La présidente de la Fondation Congo Assistance a été primée pour les efforts consentis dans la lutte contre la drépanocytose, une maladie génétique très répandue dans le monde, et reconnue aujourd’hui comme une priorité de santé publique.

La première dame du Congo, marraine de la lutte contre la drépanocytose a reçu son diplôme des mains du Pr Lazare Kaptué, chercheur africain, Hématologue. Auparavant, il a félicité de vive voix l’épouse du chef de l’Etat pour son engagement.
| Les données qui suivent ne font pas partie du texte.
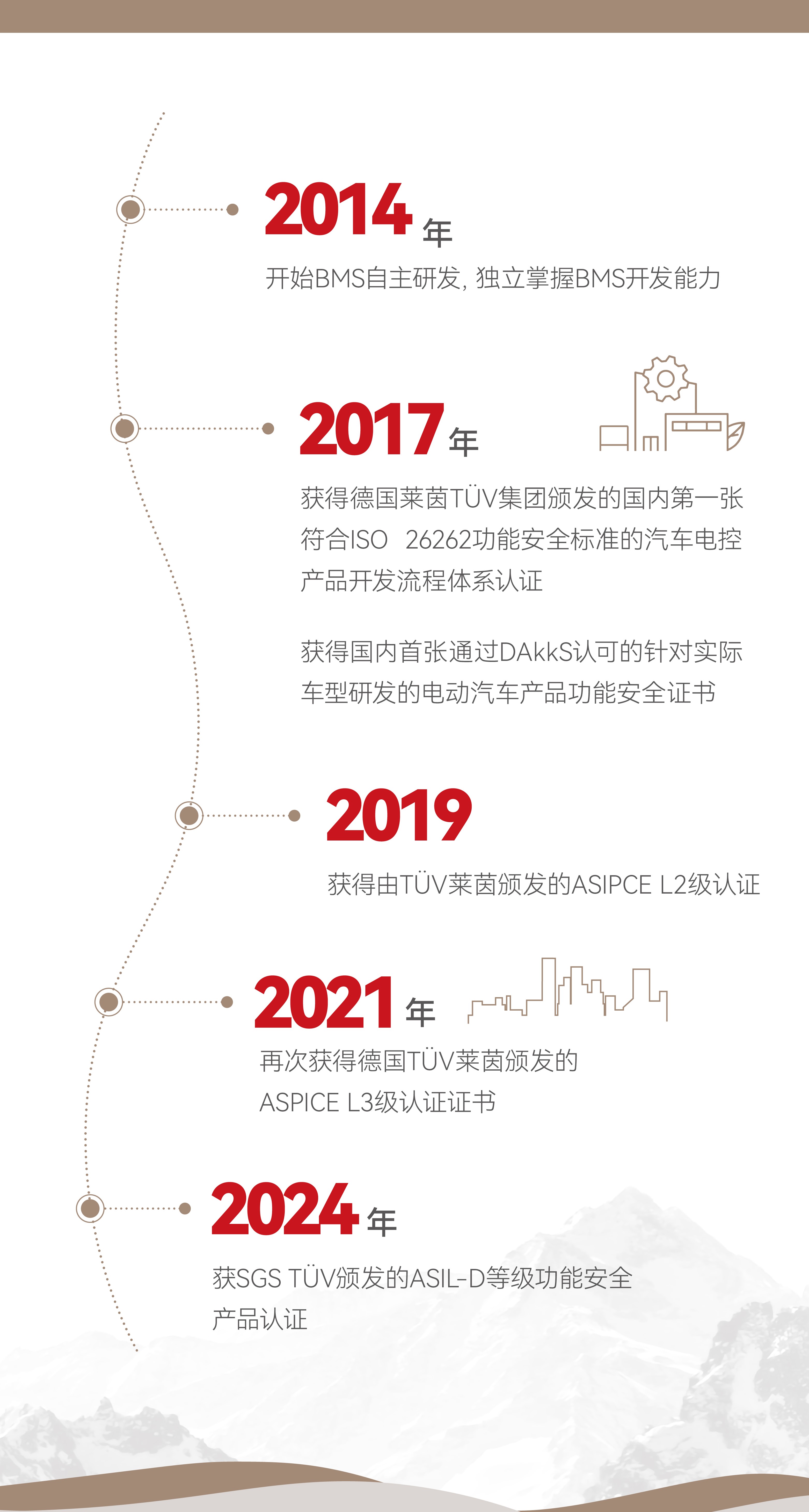 北汽新能源启动功能安全研究较早,早在2014年便开始BMS自主研发,独立掌握BMS开发能力。2017年获得德国TÜV莱茵集团颁发的国内第一张符合ISO 26262功能安全标准的汽车电控产品开发流程体系认证。并于同年获得国内首张通过DAkkS权威机构认可的针对实际车型研发的电动汽车产品功能安全证书,涵盖电池管理系统(BMS)、电机控制器(MCU)和整车控制器(VCU),是国内首家完整动力系统功能安全开发的产品证书,安全目标达到ASIL-C等级。2019年获得由TUV莱茵颁发的ASIPCE L2级认证。2021年再次获得德国TÜV莱茵颁发的ASPICE L3级认证证书,该等级为目前国内汽车行业在ASPICE认证上取得的最高评级,代表了国内汽车软件开发能力的最高水平。今年又获SGS TÜV颁发的ASIL-D等级功能安全产品认证,数次国际公认权威标准的认证,无疑不标志着北汽新能源在功能安全、软件开发等方面均已处于行业领先水平。
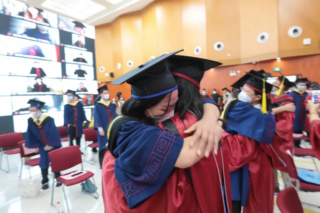 典禮現場氣氛熱烈感人,現場畢業生代表與各自的導師,熱情相擁、含淚告別。親愛的2022屆畢業生們,愿在未來拼搏歲月里熠熠生輝,歷盡千帆捷報頻傳,我們在北工商等你凱旋!

Recevant sa distinction, Antoinette Sassou N’Guesso a affirmé sa détermination dans la lutte contre la drépanocytose, les cancers, l’infection à VIH, le paludisme, ainsi que dans le bien être du couple mère et enfant, même s’il existe encore quelques faiblesses aggravées par des difficultés financières, Antoinette Sassou N’Guesso a affirmé sa détermination dans la lutte contre la drépanocytose, les cancers, l’infection à VIH, le paludisme, ainsi que dans le bien être du couple mère et enfant.

Aux participants et chercheurs, elle a exhorté chacun à un sursaut d’effort afin qu’ensemble, ils fassent aboutir, avec l’appui des autres continents le noble combat qu’ils mènent en Afrique.

« Les premiers Etats généraux mondiaux sur la drépanocytose organisés en juin 2005, à Brazzaville nous ont ouvert les yeux et nous ont permis de tracer ensemble de nouvelles perspectives. Au Congo, notre plaidoyer a abouti à la mise en place d’un centre national de référence de la drépanocytose », a-t-elle rappelé. Dans la foulée, elle a cité d’autres structures similaires construites à Bamako, Cotonou et Lagos.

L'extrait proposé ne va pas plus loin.